By Eric Schweibenz and Alex EnglehartOn May 26, 2016, Silicon Genesis Corporation of Santa Clara, California (“SiGen”) filed a complaint requesting that the ITC commence an investigation pursuant to Section 337.
The complaint alleges that Soitec, S.A. of France (“Soitec”) unlawfully imports into the U.S., sells for importation, and/or sells within the U.S. after importation certain silicon-on-insulator wafers that infringe one or more claims of U.S. Patent Nos. 6,458,672 (the ‘672 patent) and 6,171,965 (the ‘965 patent) (collectively, the “asserted patents”).
According to the complaint, the asserted patents generally relate to processes for manufacturing semiconductors for use in electronic devices. In particular, the ‘672 patent relates to a process for forming a film of material from a donor substrate using a controlled cleaving process. The ‘965 patent relates to a technique for improving surface texture or surface characteristics of a film of material, e.g., silicon.
In the complaint, SiGen states that Soitec imports and sells products that infringe the asserted patents. The complaint specifically refers to Soitec silicon-on-insulator wafers for use in semiconductors contained in various electronic devices as infringing products.
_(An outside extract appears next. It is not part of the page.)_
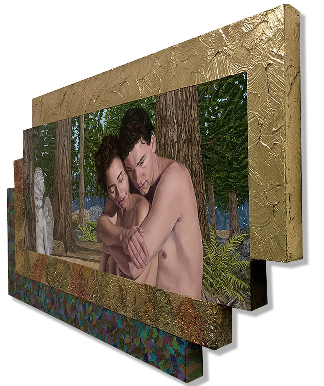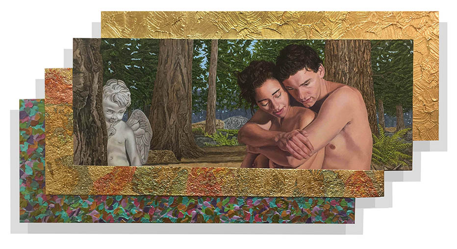 Jack Reilly, "Lysander and Hermina" 24x46 inches, Oil, Acrylic, and Mixed Media on Shaped Canvas, ©2018
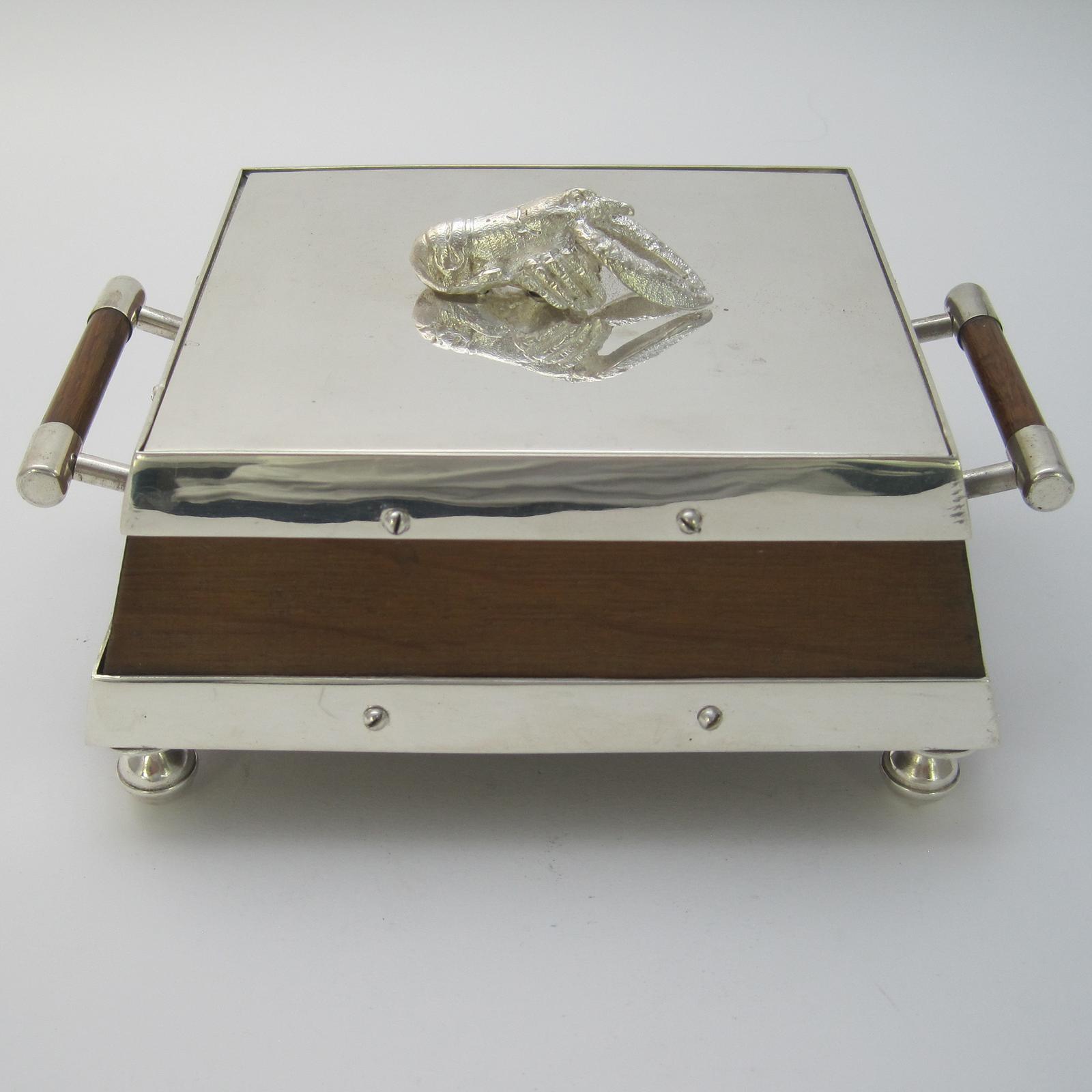Unusual Late Victorian Oak & Silver Plated Sardine or Preserve Dish

Regarding domestic industry, SiGen states that its licensee SunEdison Semiconductor, Ltd. (“SunEdison”) practices the asserted patents in the U.S. SiGen further states that SunEdison’s only silicon-on-insulator manufacturing facility is located in Missouri and that SunEdison has engaged in research and development and other activities in the U.S. relating to products that practice the asserted patents.
With respect to potential remedy, SiGen requests that the Commission issue a permanent limited exclusion order and permanent cease and desist orders directed at Soitec and related entities.